La compassion (suite 2)

Karuṇā ne peut être effective que si nous ressentons une véritable compassion pour les êtres qui souffrent et visualisons leurs souffrances. Nous pouvons comprendre à quel point les êtres méritent la pitié en imaginant la façon dont le Buddha a développé sa faculté spéciale de Mahākaruṇā. Le Paṭisambhidamagga précise que six compétences sont propres aux seuls buddhā : ❶ Indriyaparopariyattañāṇa (connaître pour chacun le degré de développement des cinq facultés menant à la libération saddhā, viriya, sati, samādhi et paññā) ❷ Āsayānusayañāṇa (voir quelles tendances cachées – anusayā kilesā  – sont susceptibles de se développer chez les êtres) ❸ Yamakapāṭihīrañāṇa (accomplir un double miracle) ❹ mahākaruṇāsamāpattiñāṇa (grande compassion) ❺ sabbaññutañāṇa (omniscience) ❻ anāvaraṇañaṇa (connaissance qui élimine les empêchements sur le chemin).

La plupart des gens ne perçoivent la misère chez les autres que lorsqu’elle devient vraiment évidente. S’ils sont plutôt heureux, ils penseront que les autres sont aussi heureux que lui voire plus heureux encore et ne penseront pas qu’ils méritent sa compassion. Cela témoigne d’un manque de compassion. Le Buddha à l’inverse a vu que les êtres devaient constamment s’inquiéter et lutter pour maintenir leurs agrégats. Les êtres ordinaires pensent qu’il est normal de devoir assurer sa subsistance et qu’il ne sert à rien de se plaindre. Mais pour les buddhā, la vie est une misère : le petit enfant dépend entièrement des autres, l’enfant doit aller à l’école, l’adulte doit travailler et si l’infortune le frappe ou si sa santé se détériore, il sera misérable. Toute leur vie, les êtres sont exposés au danger et, même s’ils y échappent, ils doivent finalement vieillir, tomber malades et mourir.

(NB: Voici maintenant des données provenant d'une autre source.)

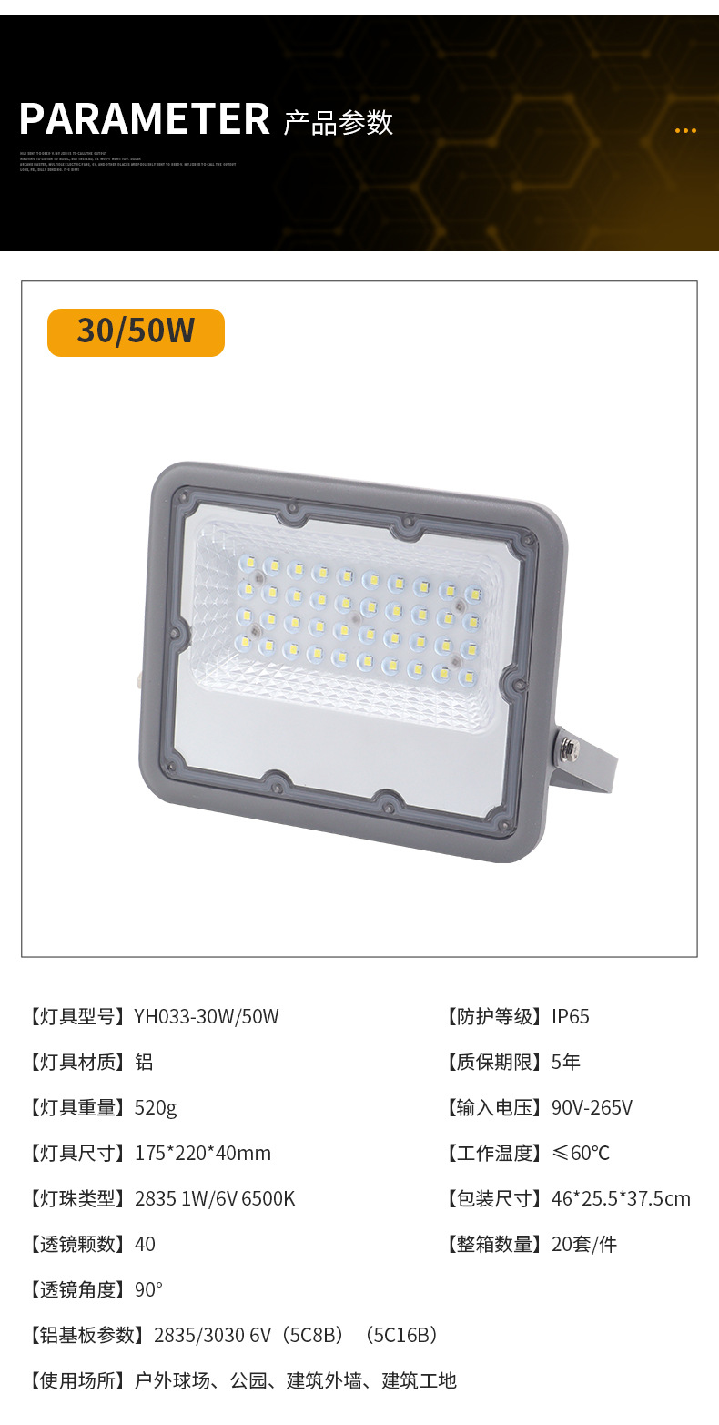 • 50W 백색광 AC180-265V
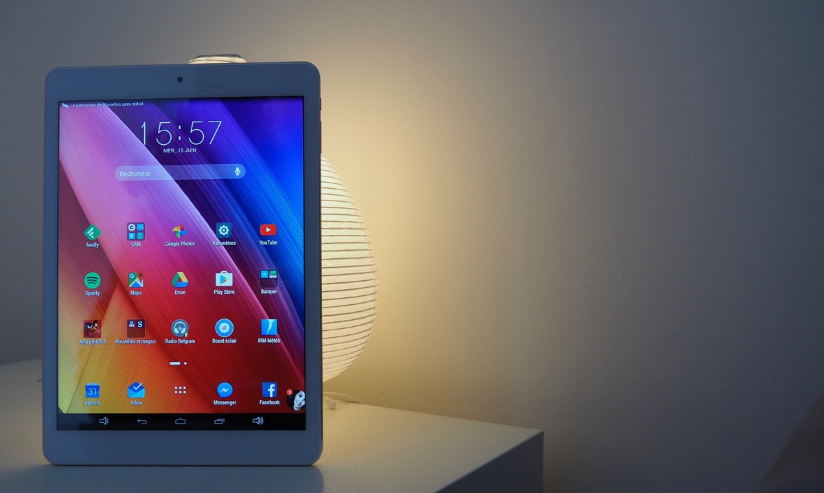 Côté capteur photo, il offre 8 Mpixels à l’arrière et 2 Mpixels à l’avant, suffisant pour Skype. Son poids affiche 540 grammes sur la balance (100 grammes de plus qu’un iPad Air) et ses dimensions au format 4/3 en font un agréable compagnon de lecture et de consultation de sites d’informations. C’est dans ce registre que j’ai d’ailleurs testé cette tablette : réactive et jamais en défaut. Seul bémol, la surface de l’écran est légèrement rugueuse et manque quelque peu de souplesse.
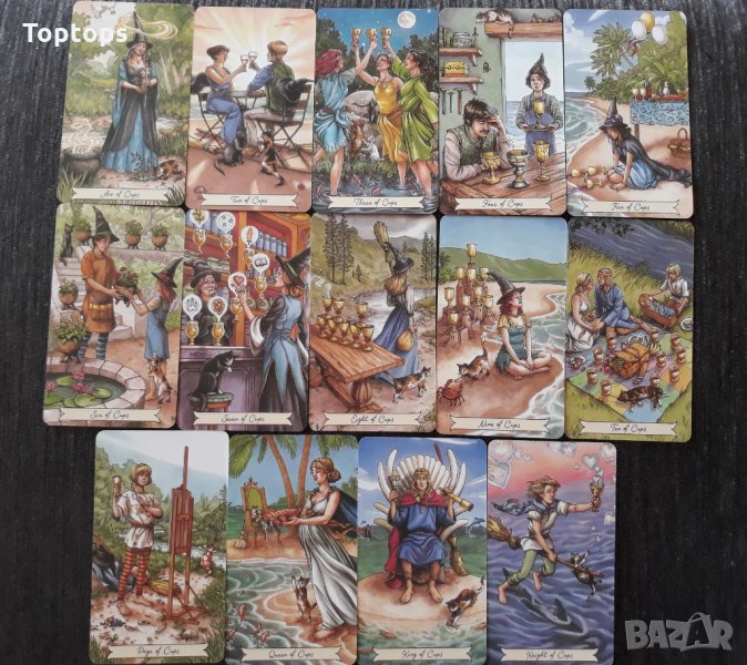 * Everyday Witch Tarot е много чаровна колода, при която картите са изпъстрени с хора, които въшебстват. И няма да намерите карта без котета :). Всички 78 аркани са с изписани имена и номера върху картите.
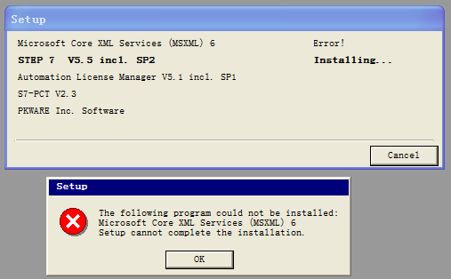 安裝STEP7 V5.5時,出現這個錯誤,(Microsoft core XML Services(MSXML)6 ERROR .重裝了系統還是不行,哪位高人知道原因,幫助解決一下。謝謝了。

Les animaux ont dur à trouver nourriture ou abri. Ils n’ont pas de protection et certains ne sortent que la nuit. Les êtres des enfers et les petā sont constamment soumis à des visions, sons et odeurs horribles. Certains devā, les yakkhā, sont presque aussi misérables que les petā ou les vinipātikā. D’autres connaissent le bonheur mais, une fois leur bon kamma épuisé, ils meurent.

Le Buddha réalisa que nul ne pouvait mener ces êtres vers le nibbāna si ce n’est lui-même. Il a enseigné 45 ans à raison de 20 heures par jour, dormant très peu et sacrifiant son propre bonheur. Il enseigna encore à Subhadda sur son lit de mort. Nous pouvons rayonner karuṇā à l’instar du Buddha et ressentir de la révérence pour lui.

Le Buddha a vu que les êtres étaient menés inéluctablement vers la mort (upanīyati loko addhuvo) par les agrégats et étaient victimes de l’impermanence. Même s’ils le savent théoriquement pourtant, les êtres continuent d’imaginer qu’ils pourront maintenir leur jeunesse. De nouveaux phénomènes matériels et mentaux apparaissent constamment. Nous vieillissons lentement même si les signes du dépérissement ne deviennent très visibles que vers 50 ou 60 ans.

Nous nous aimons plus que tout autre et comme tous les autres, nous sommes soumis à saṅkhāra dukkha. Nous devrions donc ressentir de la compassion pour les autres et pratiquer vipassanā.